Cluster credentials are stored in secrets same as repository credentials but does not require entry in argocd-cm config map. Each secret must have label argocd.argoproj.io/secret-type: cluster and name which is following convention: <hostname>-<port>.

The secret data must include following fields:

  • name - cluster name
  • server - cluster api server url
  • config - JSON representation of following data structure:
# Basic authentication settings
username: string
password: string
# Bearer authentication settings
bearerToken: string
# IAM authentication configuration
awsAuthConfig:
    clusterName: string
    roleARN: string
# Transport layer security configuration settings
tlsClientConfig:
    # PEM-encoded bytes (typically read from a client certificate file).
    caData: string
    # PEM-encoded bytes (typically read from a client certificate file).
    certData: string
    # Server should be accessed without verifying the TLS certificate
    insecure: boolean
    # PEM-encoded bytes (typically read from a client certificate key file).
    keyData: string
    # ServerName is passed to the server for SNI and is used in the client to check server
    # ceritificates against. If ServerName is empty, the hostname used to contact the
    # server is used.
    serverName: string

Cluster secret example:

apiVersion: v1
stringData:
  config: |||
    {
        "bearerToken": "<authentication token>",
        "tlsClientConfig": {
            "insecure": false,
            "caData": "<base64 encoded certificate>"
        }
    }
  |||
  name: mycluster.com
  server: https://mycluster.com
kind: Secret
metadata:
  labels:
    argocd.argoproj.io/secret-type: cluster
  name: mycluster.com-443
type: Opaque

Helm Chart repositories

Non standard Helm Chart repositories have to be registered using helm.repositories in argocd-cm config map. Each repository must have url and name fields. For private Helm repos you might configure access credentials and HTTPS settings using usernameSecret, passwordSecret, caSecret, certSecret and keySecret fields.

Example:

apiVersion: v1
data:
  helm.repositories: |
    - url: https://storage.googleapis.com/istio-prerelease/daily-build/master-latest-daily/charts
      name: istio.io
    - url: https://argoproj.github.io/argo-helm
      name: argo
      caUsername:
        name: my-secret
        key: username
      caPassword:
        name: my-secret
        key: password
      caSecret:
        name: my-secret
        key: ca
      certSecret:
        name: my-secret
        key: cert
      keySecret:
        name: my-secret
        key: key
metadata:
  name: argocd-cm

SSO & RBAC

  • SSO configuration details: SSO
  • RBAC configuration details: RBAC

Manage Argo CD using Argo CD

Argo CD is able to manage itself since all settings are represented by Kubernetes manifests. The suggested way is to create Kustomize based application which uses base Argo CD manifests from https://github.com/argoproj/argo-cd and apply required changes on top.

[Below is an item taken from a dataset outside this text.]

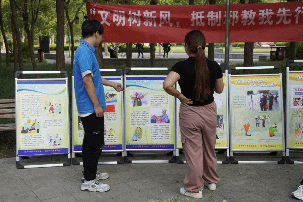 为增强师生对邪教的辨识能力和防范意识,努力营造崇尚科学的氛围,7月9日下午,91官网 在91官网 社区开展以“文明树新风,抵制邪教我先行”为主题的反邪教宣传活动。

Example of kustomization.yaml:

bases:
- github.com/argoproj/argo-cd//manifests/cluster-install?ref=v0.10.6

# additional resources like ingress rules, cluster and repository secrets.
resources:
- clusters-secrets.yaml
- repos-secrets.yaml

# changes to config maps
patchesStrategicMerge:
- overlays/argo-cd-cm.yaml

The live example of self managed Argo CD config is available at https://cd.apps.argoproj.io and with configuration stored at argoproj/argoproj-deployments.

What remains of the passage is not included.